[Recorded data]
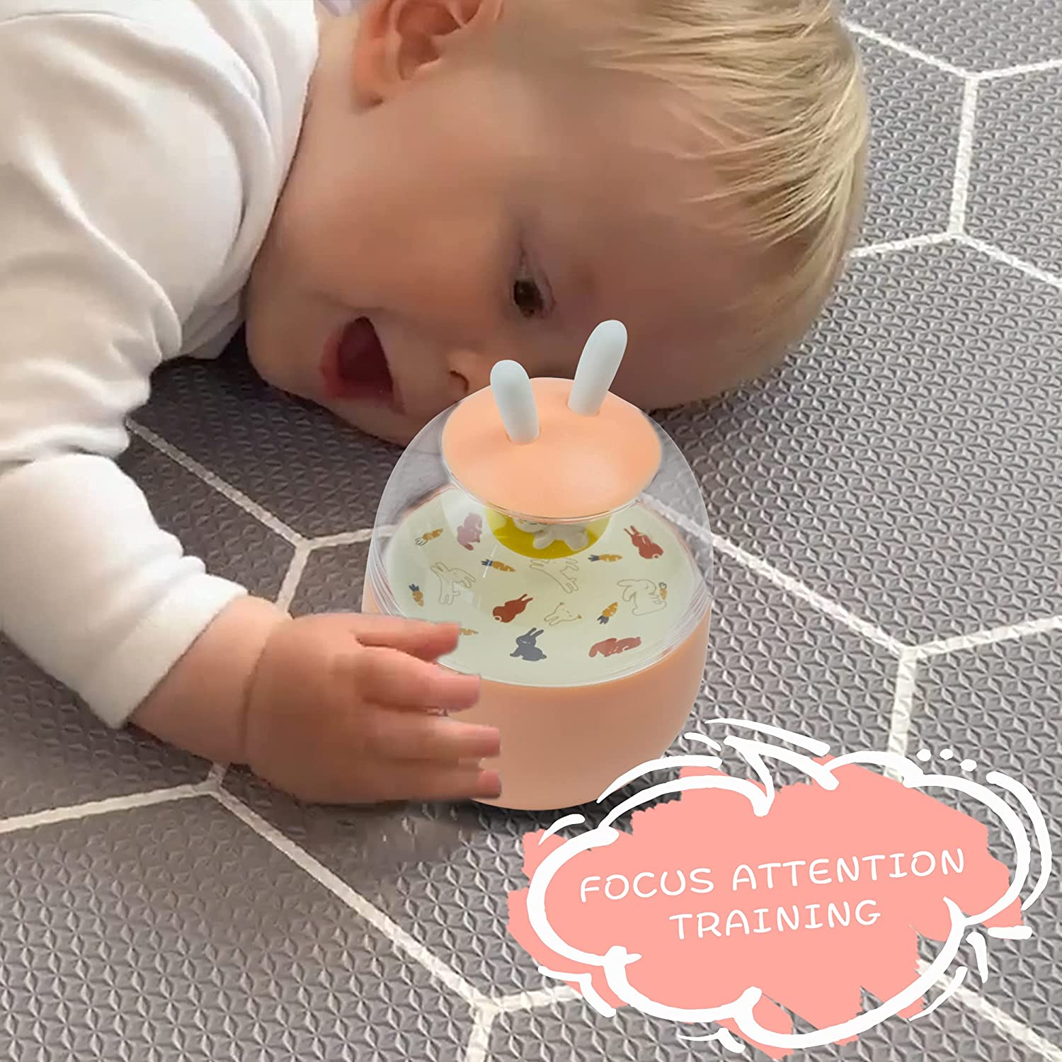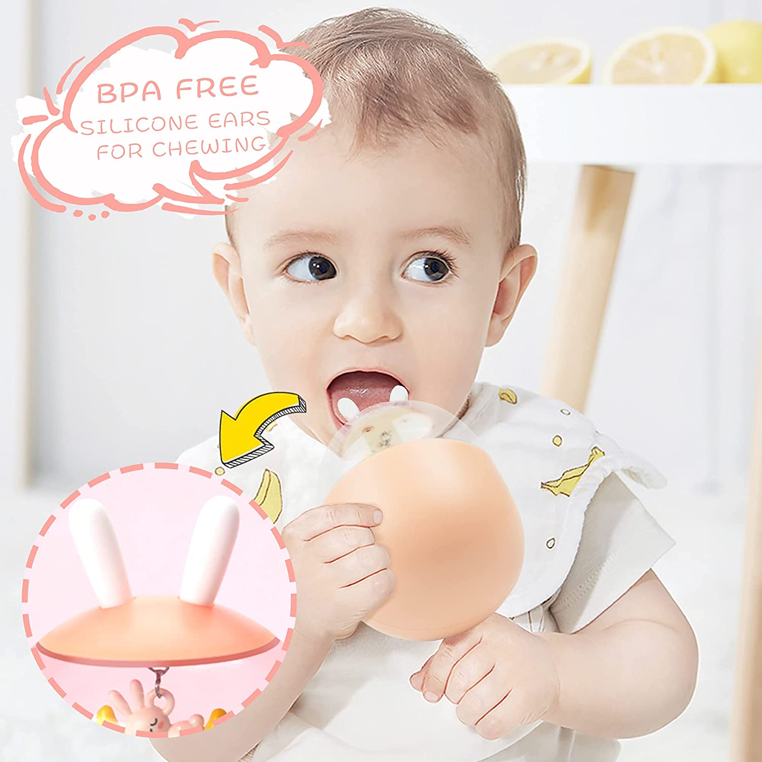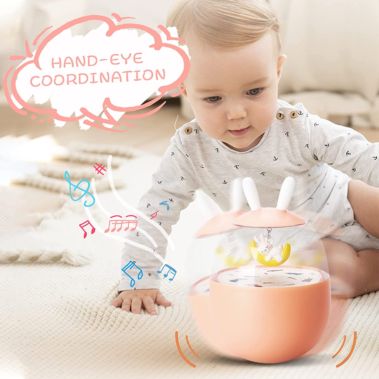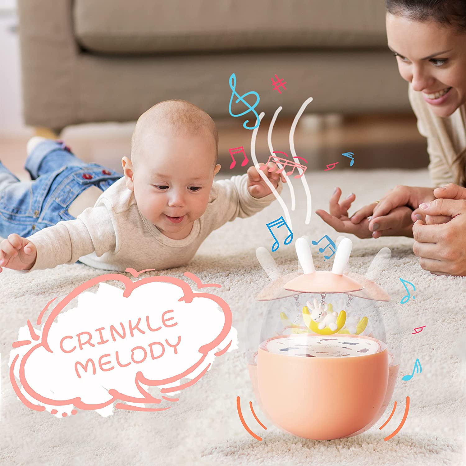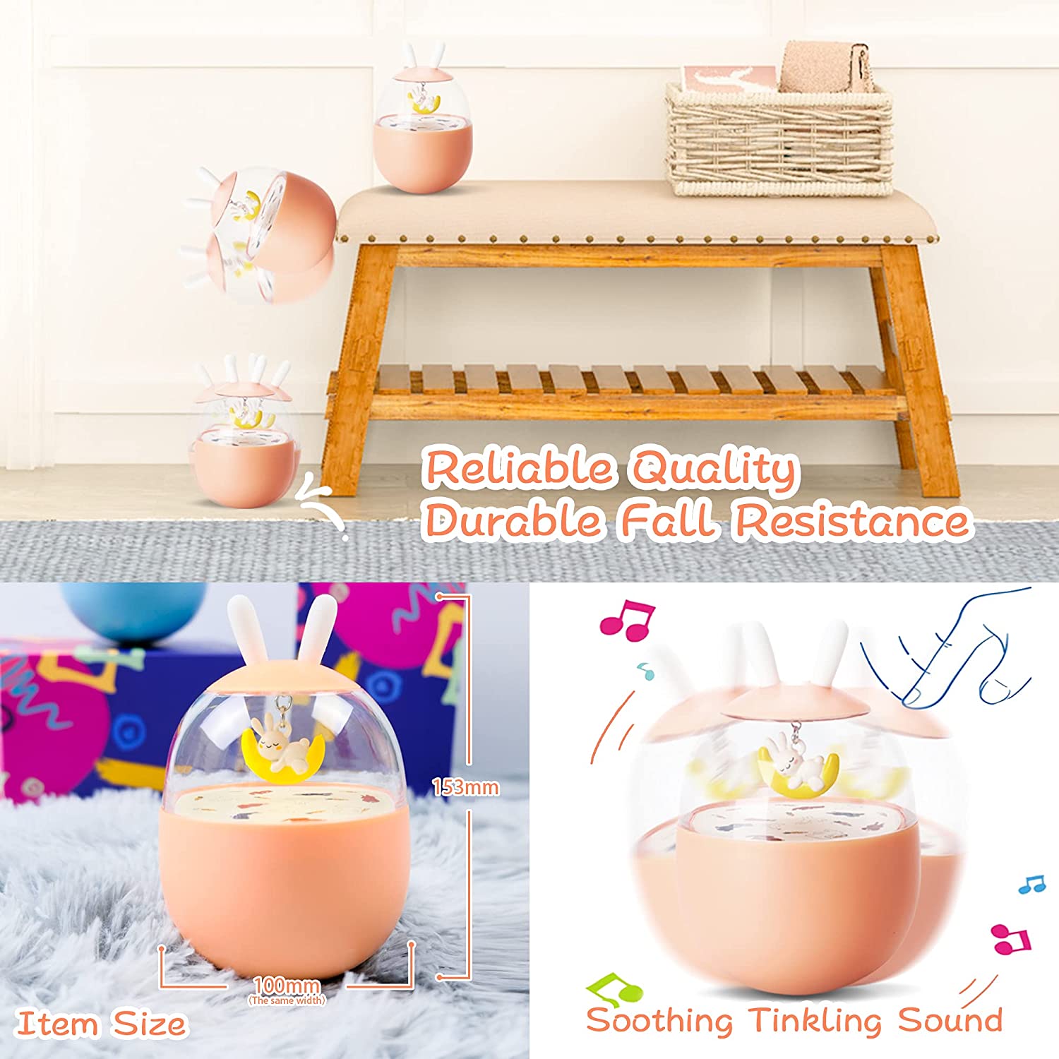 • 【Cute Design】The round body, transparent space live in a cute whale/sleeping bunny would swing and make wind chimes when you push it, which would contract the babys' attention. The "ear" on the top fits for the baby to grasp or molar the teeth.
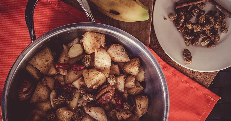 9. Aggiungi l’olio di cocco, la maca, le bacche di goji mescola, spegni e copri per qualche minuto
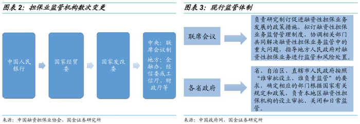担保行业发展概况:担保方式分为融资担保与非融资担保,融资担保是指为被担保人借款、发行债券等债务融资提供担保的行为,担保行业的监管主体经历了数次变更,直至2009年联席会议制度建立,监管主体才尘埃落定,而非融资担保的监管则尚待明确。2009年《融资性担保公司管理暂行办法》发布之后,由于准入门槛偏低,11年涌入大量民营担保公司,担保行业过度化竞争,部分担保公司从事非法活动,担保公司风险事件相继爆发。2017年,《融资担保公司监督管理条例》正式发布,担保行业的监管步入正轨。
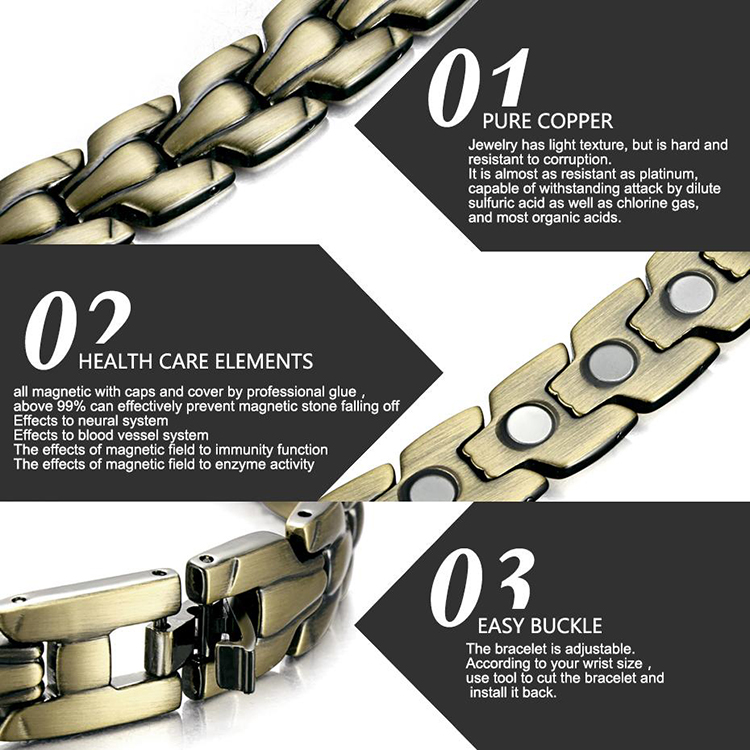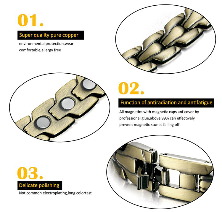 Bronze Copper Magnetic Bracelet for Pain Relief Arthritis Magnetic Therapy Jewelry
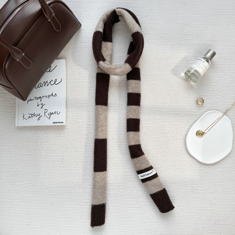 가을과 겨울 색상의 한국 버전 니트 양모 y2k 길고 얇은 좁은 색상 매칭 리본 핫 소녀 도파민 작은 스카프스토어 가기
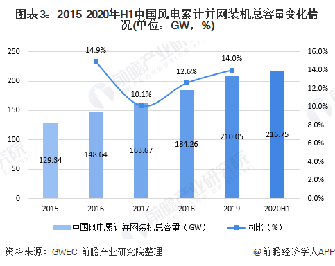 我國風電產(chǎn)業(yè)在近幾年得到快速發(fā)展,風電裝機容量快速增長,2019年,我國風電裝機容量達到了210.05GW,同比增長14%,截至2020年上半年,我國我國風電裝機容量達到了216.75GW。
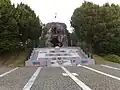 Oorlogsmonument met kerktoren op achtergrond -

# ABOUT THIS TASK:
With the pictures omitted, give every line above again exactly.

# ANSWER BOX:
 • 【Cute Design】The round body, transparent space live in a cute whale/sleeping bunny would swing and make wind chimes when you push it, which would contract the babys' attention. The "ear" on the top fits for the baby to grasp or molar the teeth.
 9. Aggiungi l’olio di cocco, la maca, le bacche di goji mescola, spegni e copri per qualche minuto
担保行业发展概况:担保方式分为融资担保与非融资担保,融资担保是指为被担保人借款、发行债券等债务融资提供担保的行为,担保行业的监管主体经历了数次变更,直至2009年联席会议制度建立,监管主体才尘埃落定,而非融资担保的监管则尚待明确。2009年《融资性担保公司管理暂行办法》发布之后,由于准入门槛偏低,11年涌入大量民营担保公司,担保行业过度化竞争,部分担保公司从事非法活动,担保公司风险事件相继爆发。2017年,《融资担保公司监督管理条例》正式发布,担保行业的监管步入正轨。
 Bronze Copper Magnetic Bracelet for Pain Relief Arthritis Magnetic Therapy Jewelry
 가을과 겨울 색상의 한국 버전 니트 양모 y2k 길고 얇은 좁은 색상 매칭 리본 핫 소녀 도파민 작은 스카프스토어 가기
 我國風電產(chǎn)業(yè)在近幾年得到快速發(fā)展,風電裝機容量快速增長,2019年,我國風電裝機容量達到了210.05GW,同比增長14%,截至2020年上半年,我國我國風電裝機容量達到了216.75GW。
 Oorlogsmonument met kerktoren op achtergrond -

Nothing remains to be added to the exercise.